While faulting the manner of prosecution, he said as at the time he was arraigned before the court, there was a similar case pending before another court with similar charges.
He further submitted that the role played by the Attorney General of the Federation and Minister of Justice, Mr. Mohammed Adoke, who is the Chief Law officer, by signing the charges against him makes the entire action an abuse of court process.
Tarfa further told the court that the charge against the accused person centered around his alleged relationship with the spokesperson of the Boko Haram sect, Ali Sanda Umar Konduga (alias Usman AI- Zawahiri), whom he said always communicated with the Vice President, Namadi Sambo.
The embattled lawmaker who said the first telephone exchange between him and the sect was on October 4, 2011, insisted that the reason the sect approached him was as a result of his being a member of the Presidential Committee that was inaugurated on August 2, 2011, to address the security challenges in the North Eastern part of the nation.
He said prior to his appointment as a member of the committee, he had no contact or relationship with the spokesperson or any other member of the sect, saying the prosecution had placed nothing to form the basis for him to stand trial.
The prosecuting counsel, Mrs. Olufumilayo Fatunde, who is a Deputy Director at the Federal Ministry of Justice, in a counter affidavit argued that there was sufficient link between the accused persons and the offences for which he was charged before the court.
Fatunde further argued that the AGF was not a Judge, but a prosecutor, saying that he brought the case before the Judge because he believed that the law had been violated and that by signing the charge he had performed his official and constitutional duty.
On jurisdiction, she said there was no condition precedent which the prosecution was required to comply with before filing charges.
She said the prosecution properly brought the charge and that the charge was competent.
Ndume is standing trial for allegedly hoarding information on planned terror attacks and providing logistics to the convicted spokesman of the Boko Haram sect.
He was also accused of providing telephone numbers of certain public officers, including the AGF, Mohammed Bello Adoke (SAN), on or about October 4, to Konduga for the purpose of communicating terrorist messages to the said persons.

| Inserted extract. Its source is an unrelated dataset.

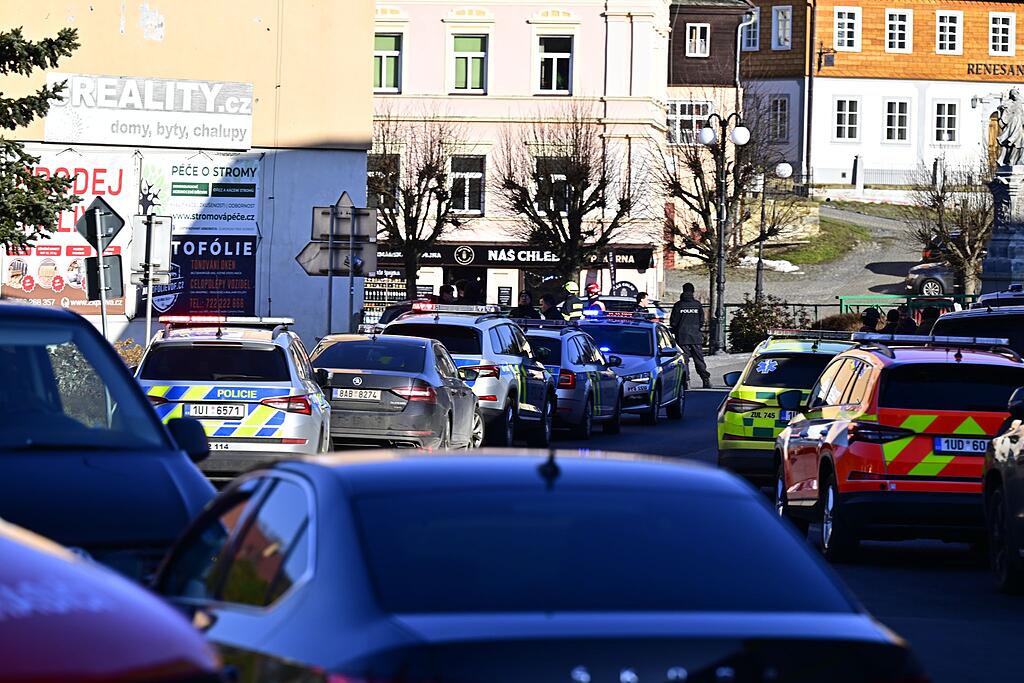 Die Polizei war am Montagvormittag mit allen verfügbaren Kräften am historischen Rathaus der Kleinstadt im Einsatz. Im ganzen Ort wurde Sirenenalarm ausgelöst, wie die Nachrichtenagentur CTK berichtete. Ein Polizei- und ein Rettungshubschrauber waren im Einsatz. Es drohe keine weitere Gefahr, hieß es nach einiger Zeit. Das Betreten des Gebäudes sei wieder sicher. Für besorgte Angehörige wurde eine Telefon-Hotline eingerichtet.

He is also alleged to have been in possession of Konduga’s mobile phone number but failed to disclose it to a law officer as soon as reasonably practicable, knowing that it would be of material assistance in arresting Konduga, contrary to Section 7(1) (b) of the Terrorism Prevention Act 2011.
Having listened to the submissions of the counsel in the matter, the trial Judge, Justice Gabriel Kolawole adjourned till June 15, to rule on the application.